My LSAT Study Schedule

Once I finally decided to go to law school, my first step was to begin studying for the LSAT.

Cue the scary music.

It's a big task to take on, and I sat down to figure out how I would go about it, mainly through a search on Pinterest and Google. Unfortunately, it seemed to me that if I wanted to do any guided studying or take a class, I would have to shell out a ton of money for it. Because I planned on paying for everything on my own, I knew I wouldn't be able to go that route.

My Materials

After signing up for the LSAT on the LSAC website, I noticed that there was a collaboration between LSAC and Khan Academy for free LSAT practice, so I immediately hopped on that opportunity.
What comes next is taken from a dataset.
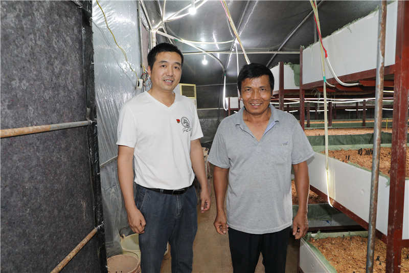 ▲中山市委政法委駐河村工作隊隊長朱代榮(左)與脫貧戶趙季南(右)在蘑菇大棚里。

Following a practice test to see where my baseline was, I set my goal score and scheduled an hour of practice questions to go through every day. There is also a section on the Khan Academy website with lessons to go through, from written ones to video walkthroughs of questions.

When I first began using Khan Academy, I really liked it. Depending on where you are in your studies, you can change the difficulty of the questions, and it puts the question types that you need to work on the most at the top of your list, which is really helpful. After answering each question, whether you get it right or wrong, explanations for why an answer is correct or incorrect. That's one of my favorite parts of Khan Academy because I can see exactly where I went wrong with my thinking.

I also like the lessons as well, especially the video ones. Most of them were narrated by different people, so you could see various ways to go about solving the problems.

While I do like some aspects of Khan Academy, my one issue with it is that after you've been using it for a while, it can become repetitive. Once you learn the answer to a question, you can usually remember it later on. This complaint might not be warranted, though, because I have been using it since June, and that might make it inevitable to always receive new questions.

In addition to Khan Academy, I have several books of LSAT preptests and the three Powerscore LSAT bibles. Like I mentioned above, I'm trying to to this on a bit of a budget, so I wasn't expecting to have this many preptests to do. But, I was lucky enough to borrow them from a friend of mine and a friend of my mom's who is going to law school as well.

I think that the Powerscore books were monumental in how much I've improved over the past few months. They all do a great job of explaining test-taking strategies. I was most nervous about the logic games section when I first started studying, but I'm much more comfortable going through that section now.

Putting It All Together

With all of these elements, I began to feel overwhelmed. How was I going to go through all of this, and where would I even start? The best way for me to begin was to sit down and look through it all, and then put it all into a calendar.

I was lucky enough to find a printable calendar off Pinterest (aka my lifesaver) and sat down at the island in my kitchen to get to work.

I scheduled around two practice tests each week because I learned that the best way to prep for the LSAT is to take tests. Following the practice tests, I looked through my Powerscore bibles and figured out how many chapters I should go through each day in order to finish them off before the test, while also giving myself time to review just in case I wanted to go over anything more than once.

After I got all that together, I put it into the calendar printables I found and, now, they're hanging on my wall. I've been crossing off one day at a time, and it's kind of hard to believe the LSAT is in less than three weeks.

How did you decide how to study for the LSAT?